During the targeted-screening intervention, a validated risk score derived from the survey based on patient-reported behavior was integrated into the electronic health record to provide CDS for gonorrhea and chlamydia testing. The usual-care phase took place before the survey was integrated into ED care.
Of all ED visits, 19% took place during the usual-care phase, 42% during the targeted-screening phase, and 39% during the universally offered screening phase.
In the usual-care phase, 1,432 patients (19.1%) had testing ordered, compared with 3,216 (42.9%) in the targeted-screening phase and 2,856 (38%) during universal screening. Compared with usual care, population-level gonorrhea and chlamydia detection rates were higher during targeted screening (adjusted difference in infections detected per 1,000 patient visits, 2.59) and universally offered screening (adjusted difference, 1.81).
"The findings indicate that developing processes to integrate broad-scale gonorrhea and chlamydia screening in emergency departments may be warranted," the researchers concluded. "Multicenter studies to assess this method with improved rates of uptake are needed to determine whether this will remain true when a larger proportion of patients participate in the screening."
Black males more likely to be screened, tested
Last week in Pediatrics, Children's National Hospital researchers in Washington, DC, conducted a cross-sectional analysis of gonorrhea and chlamydia screening during ED visits by males ages 13 to 21 years at two urban pediatric hospital campuses from January 2021 to February 2023.
"Racial differences in Chlamydia trachomatis (CT) and Neisseria gonorrhoeae (GC) testing and screening are well documented among adolescent females; however, data on adolescent males are limited," the investigators wrote.
Among 17,244 ED visits, 3.7% included CT/GC testing or screening. Of the 473 (2.7%) visits by symptomatic males, 39.5% included CT/GC testing. Testing rates were higher during visits by Black males than during those of their White peers (50.0% vs 11.8%; adjusted odds ratio [aOR], 3.3).
Of the 16,771 visits by males with non-STI–related reasons for visiting the ED, 456 (2.7%) included CT/GC screening.

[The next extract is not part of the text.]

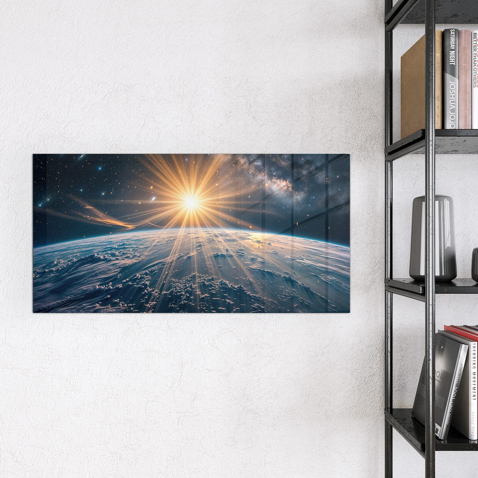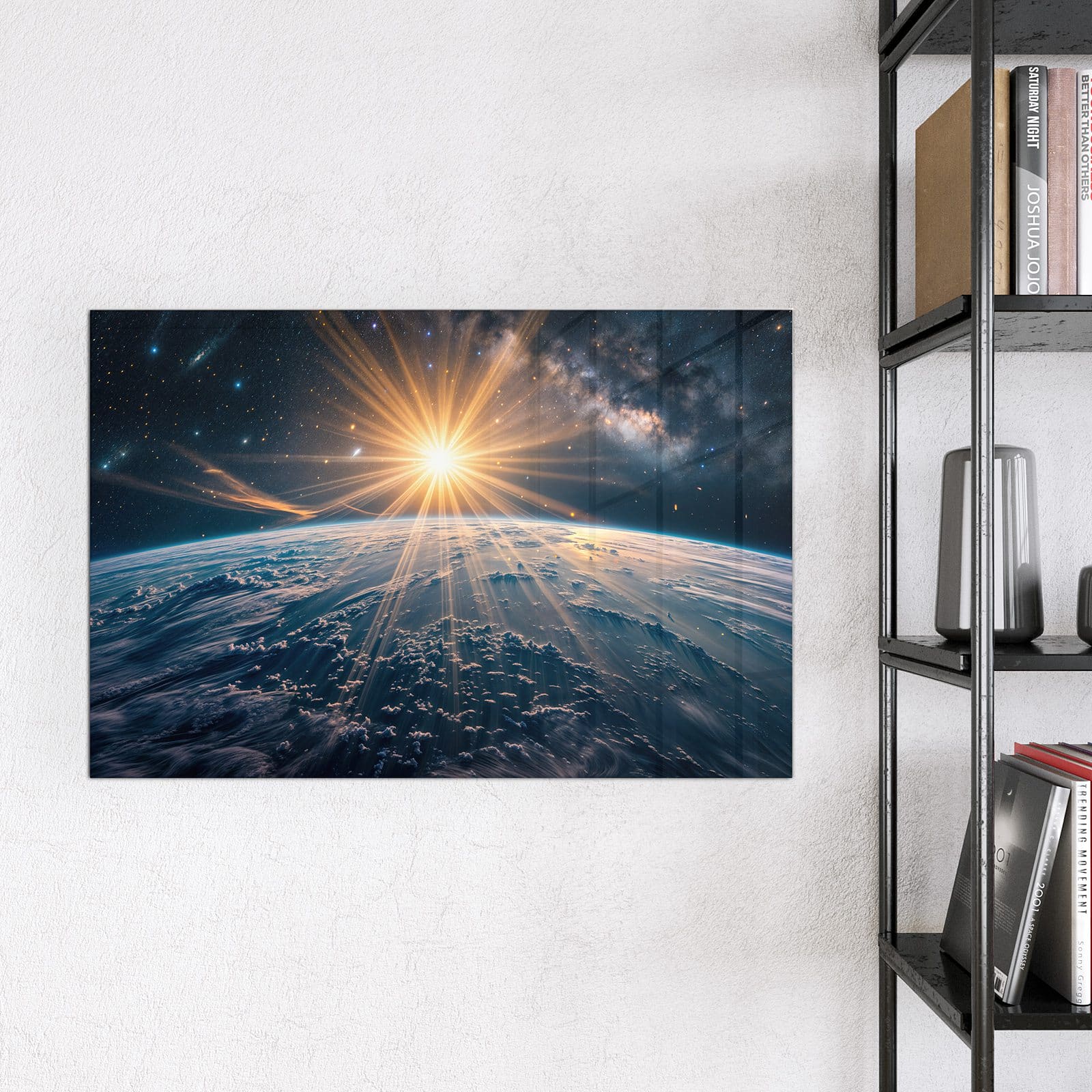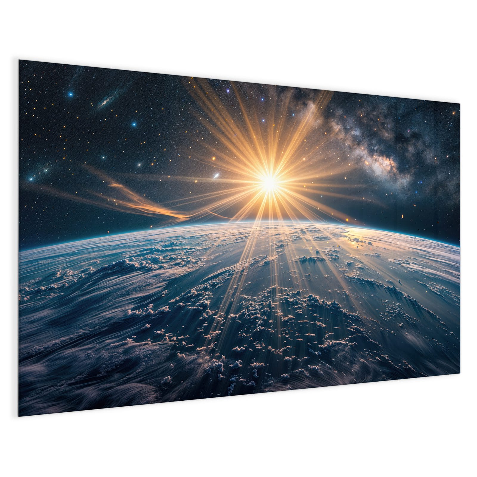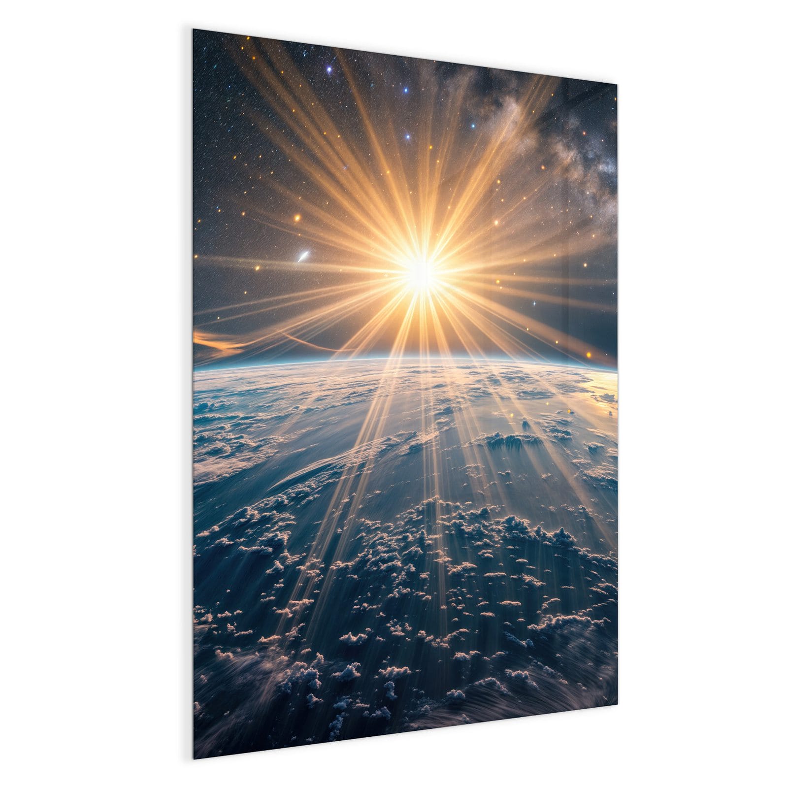 Stilvolle Glas-Magnettafel für Ihr Zuhause - Motiv Sonnenaufgang über Erde

Screening rates were higher among visits by Black males compared with non-Hispanic white males (3.5% vs 0.8%; aOR 3.1).
"There were low rates of CT/GC testing overall; however, visits by non-Hispanic Black adolescent males were more likely to include both testing and screening compared with non-Hispanic white males," the study authors wrote. "More research is needed to determine possible cause [sic] of this racial difference and to identify strategies to mitigate potential racial differences in CT/GC testing in the ED."

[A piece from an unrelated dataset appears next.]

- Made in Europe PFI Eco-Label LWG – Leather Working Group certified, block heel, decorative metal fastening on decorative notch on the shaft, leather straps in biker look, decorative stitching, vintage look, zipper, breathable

Racialized perceptions of Black teens
In a commentary in the same journal on the second study, Daniela Brissett, MD; Angela Ellison, MD; and Nadia Dowshen, MD, of Children's Hospital of Pittsburgh, said the findings highlight an urgent need to shift from regarding risk as an individual choice to understanding that it originates in structural conditions such as poverty, racial and gender discrimination, lack of access to confidential healthcare, and community disinvestment.

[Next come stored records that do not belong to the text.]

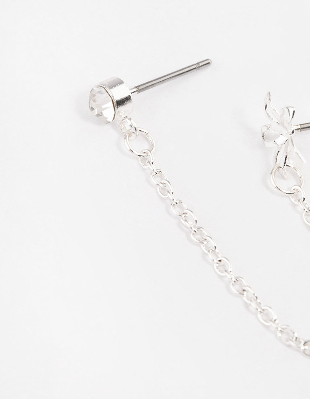 - This set of stud earrings feature a silver setting with a diamante encrusted, flower design for a feminine finish.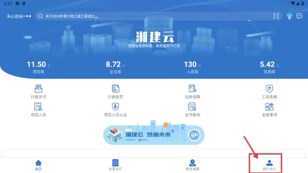 你可以这样修改:打开湘建云应用后,点击底部的用户中心选项,即可进入个人中心页面。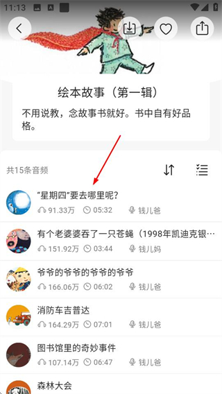 3、在绘本故事列表页面,选择要收听的故事,进入故事播放页面。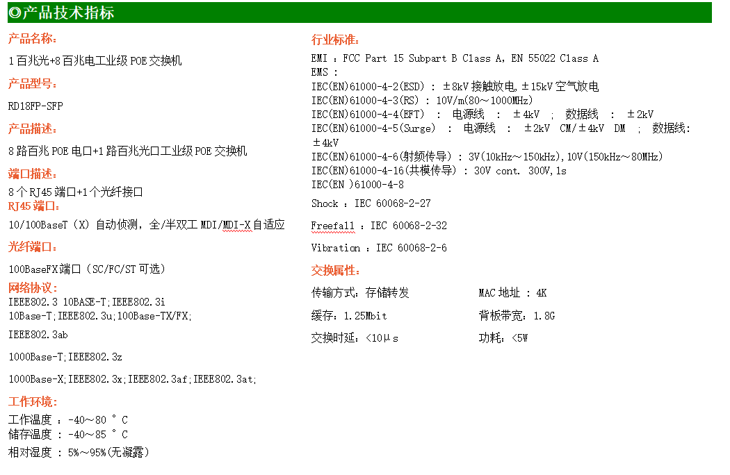 8路百兆電口+1路百兆FX光口工業級以太網交換機,支持8個10/100Base-TX電口和1個100Base-X光口。產品符合FCC、CE、ROHS標準。RD18F交換機具有-40℃~80℃的工作溫度,具有超強的堅固度能適應各種嚴苛環境,也可以非常方便的安置在空間緊湊的控制箱中。導軌的安裝特性、寬溫操作及擁有IP40防護等級的外殼及LED指示燈,使RD18F成為一個即插即用的工業級設備,為用戶的以太網設備聯網提供可靠、便捷的解決方案。

This finding signals missed opportunities for early diagnosis, timely treatment, and prevention of ongoing transmission, not only for individual patients but also for adolescent public health more broadly.
"Racialized perceptions of Black adolescents as more sexually active reflect broader forms of adultification bias, in which Black youth are seen as older, less innocent, and more accountable for behaviors than their white counterparts," they wrote.
Brissett and her colleagues also noted that roughly 60% of symptomatic adolescents weren't tested.
"This finding signals missed opportunities for early diagnosis, timely treatment, and prevention of ongoing transmission, not only for individual patients but also for adolescent public health more broadly," they wrote. "Without universal, guideline-driven protocols, clinical decision-making may default to subjective assessments of perceived risk, shaped by both implicit bias and structural racism."